About the representation of output values in analog addition operations. I understand that in analog world, the output voltage shouldn't exceed a certain voltage reference. Therefore, the input and output operations essentially involve mapping values. For instance, if a voltage reference is set to 1, and the operation 1 + 1 is performed, the output should be mapped to 1, despite the mathematical result being 2.
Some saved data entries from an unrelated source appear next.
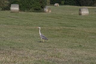 Graureiher schreitet über die Wiese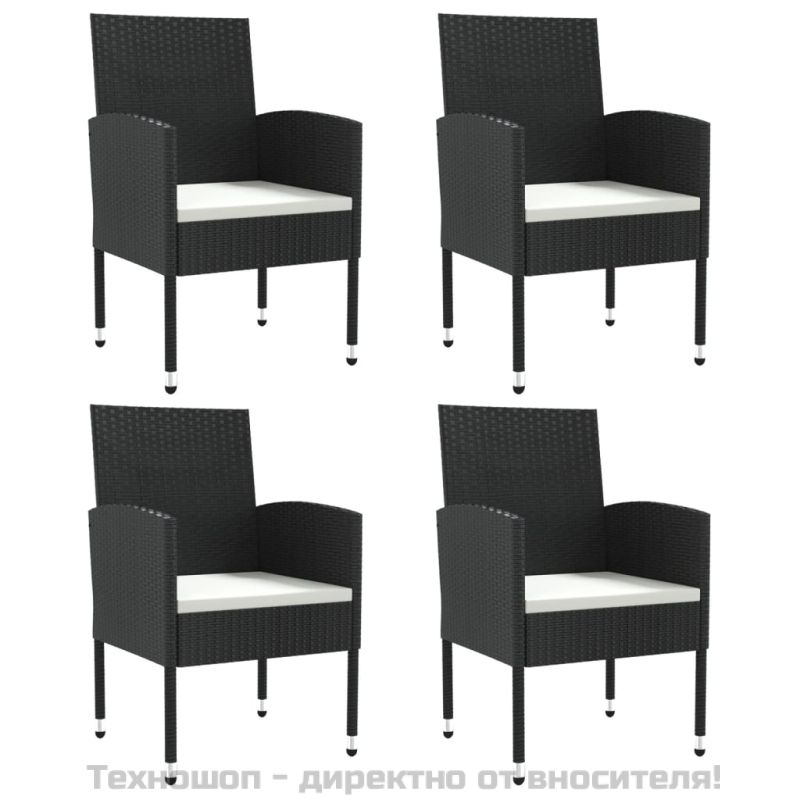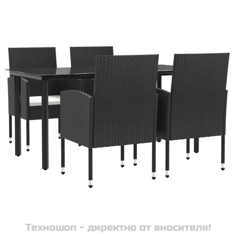 Градински трапезен комплект 5 части черен полиратан и стомана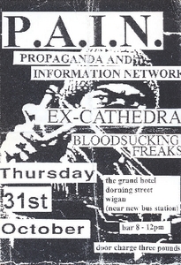 Flyer promoting a performance by P.A.I.N (Propaganda And Information Network), Ex-Cathedra, and Bloodsucking Freaks at The Grand Hotel, Wigan, on Thursday 31st October c1990s (exact year unknown).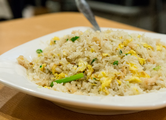 Chicken Fried Rice ($7.99). I wanted a simple fried rice dish and ordered this. I figured that unless the rice came out soggy or it was undersalted, it was hard to screw up chicken fried rice. (As opposed to pork fried rice or yang chow fried rice where the pork components can give an off taste if stale. Chicken is less often stale in Chinese restaurants than pork, so I erred on the side of caution. Please note, there was nothing that made me suspect Fu Fu Cafe would have stale pork… I just didn't feel like potentially going down that path this evening.) We noted that the rice had a tasty hint of char to it which means they use a very hot wok (a good sign). The rice was properly salted and the rice were not clumping together or soggy.

Here is a table with example values that illustrates the mapping between voltages and the gauges display, where VIN_A and VIN_B represent the operands of the addition operation, VOUT represents the result of addition operation, and GAUGE_A, GAUGE_B, and GAUGE_OUT represent the corresponding gauge device displays:

VIN_A VIN_B VOUT GAUGE_A GAUGE_B GAUGE_OUT
0 0 0 -10 -10 -20
0 0.25 0.125 -10 20 10
0 0.5 0.25 -10 50 40
0 1 0.5 -10 110 100
0.25 0 0.125 20 -10 10
0.25 0.25 0.25 20 20 40
0.25 0.5 0.375 20 50 70
0.25 1 0.625 20 110 130
0.5 0 0.25 50 -10 40
0.5 0.25 0.375 50 20 70
0.5 0.5 0.5 50 50 100
0.5 1 0.75 50 110 160
1 0 0.5 110 -10 100
1 0.25 0.625 110 20 130
1 0.5 0.75 110 50 160
1 1 1 110 110 220

So, what the circuit will be looks like to achieve relationship between VIN_A, VIN_B, and VOUT?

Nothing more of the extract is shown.